- AIM OF THE TASK
Beginning with the line that holds "경기후 추첨으로 실시", copy each line through the end of the material below, exactly and with no pictures.
*** RAW DATA ***
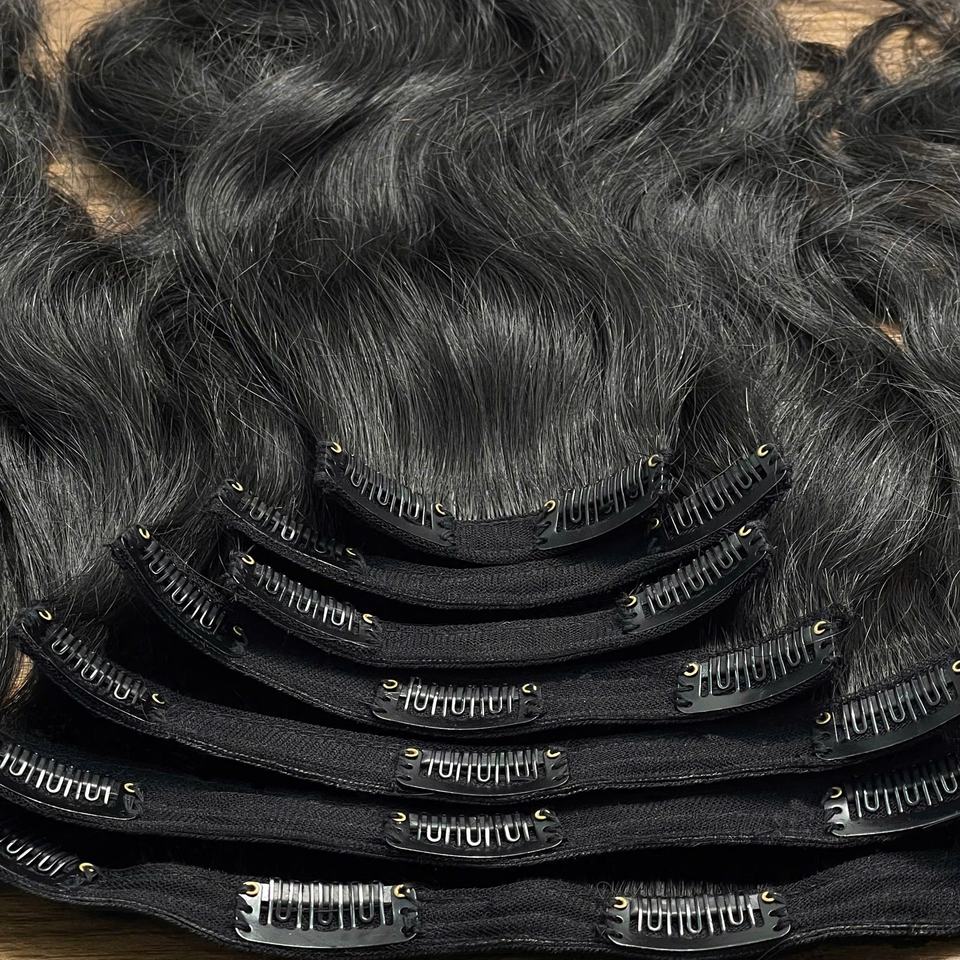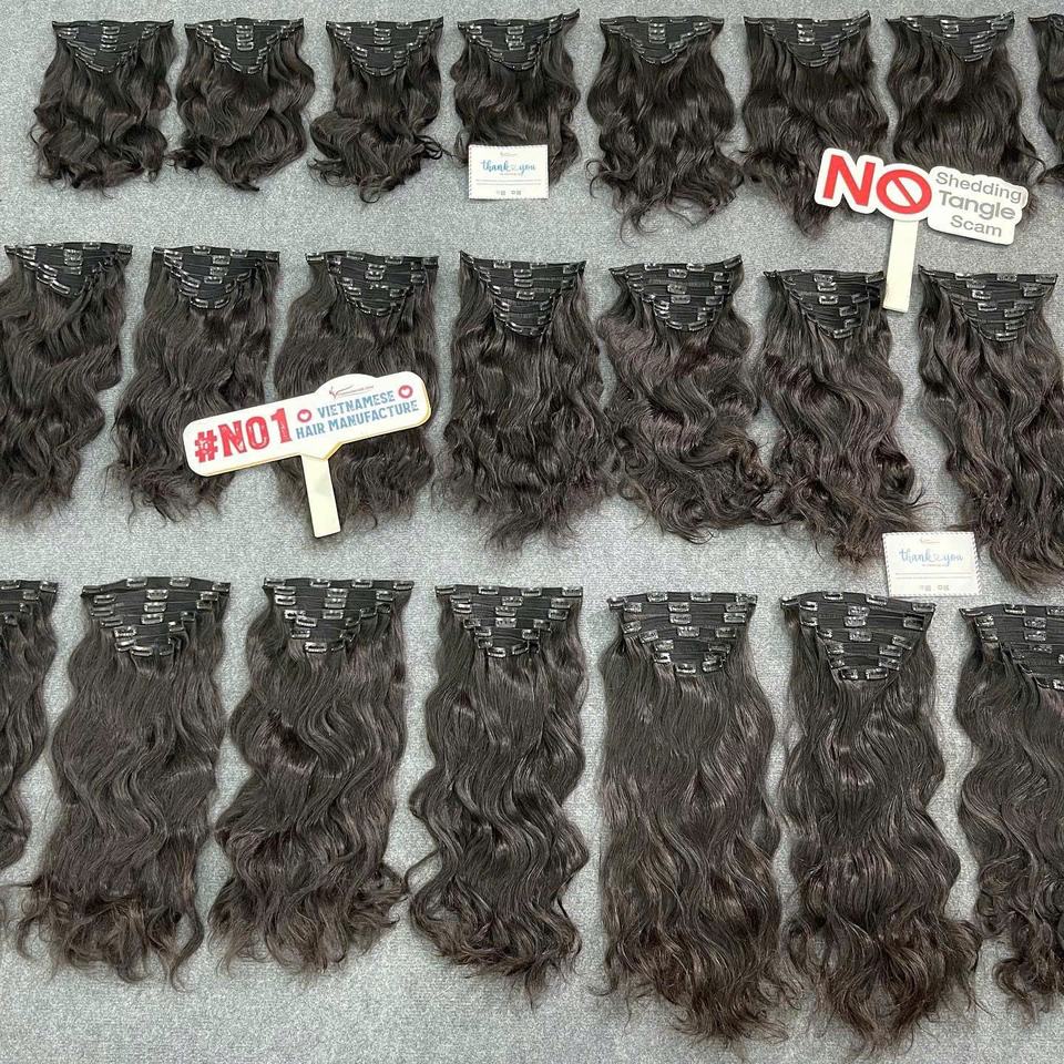 Extensions de cheveux à clips faciles à poser, cheveux humains vietnamiens doublement tirés, cheveux vietnamiens bruts de qualité supérieure, texture douce
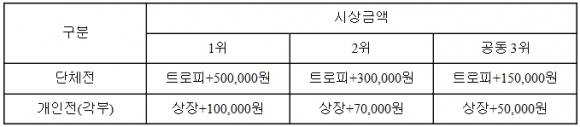 ※ 본선경기는 예선전 경기후 추첨으로 실시
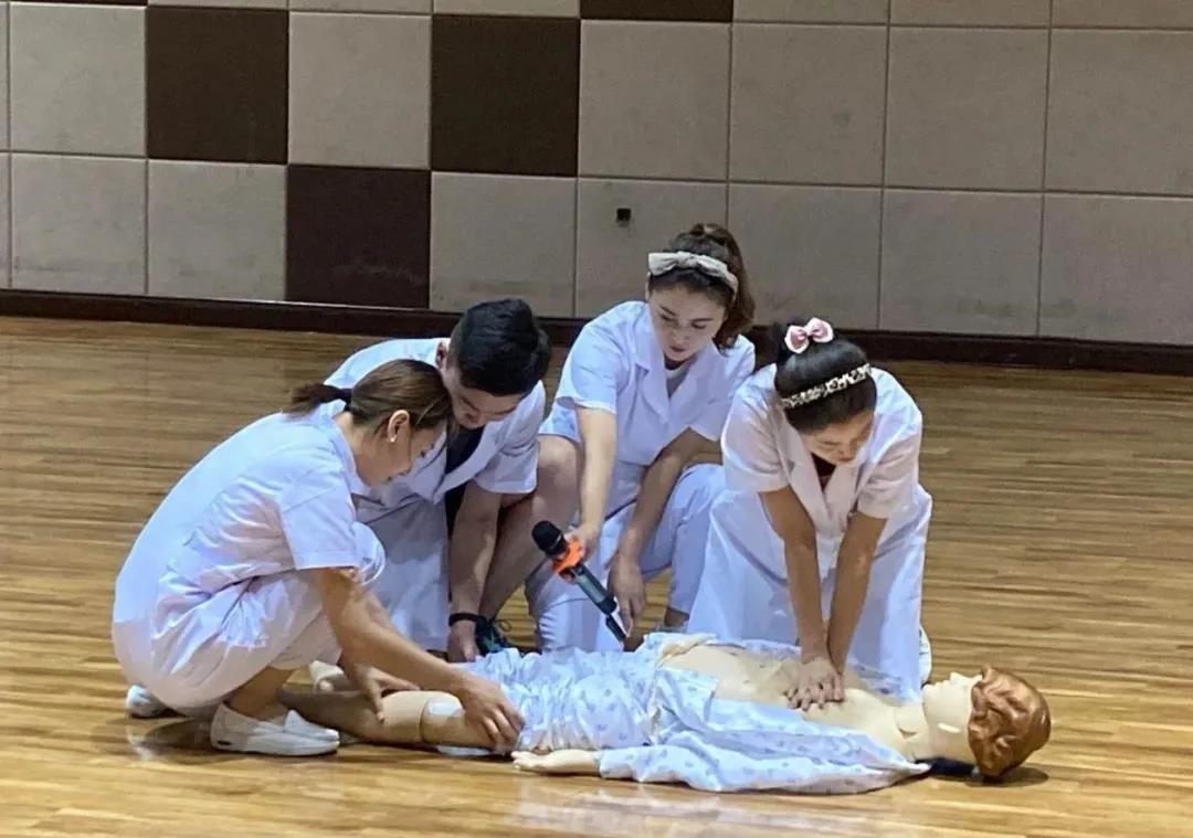 在急救实操学习课堂上,警官学员们认真学习,积极提问,认真回答急救理论知识。在实际操作训练中,警官学员们积极参与,不停地向我院医护人员咨询请教,争先恐后对着模型反复练习,活动气氛活跃。
*** End of RAW DATA ***
- SOLUTION FOR THIS PROBLEM
 ※ 본선경기는 예선전 경기후 추첨으로 실시
 在急救实操学习课堂上,警官学员们认真学习,积极提问,认真回答急救理论知识。在实际操作训练中,警官学员们积极参与,不停地向我院医护人员咨询请教,争先恐后对着模型反复练习,活动气氛活跃。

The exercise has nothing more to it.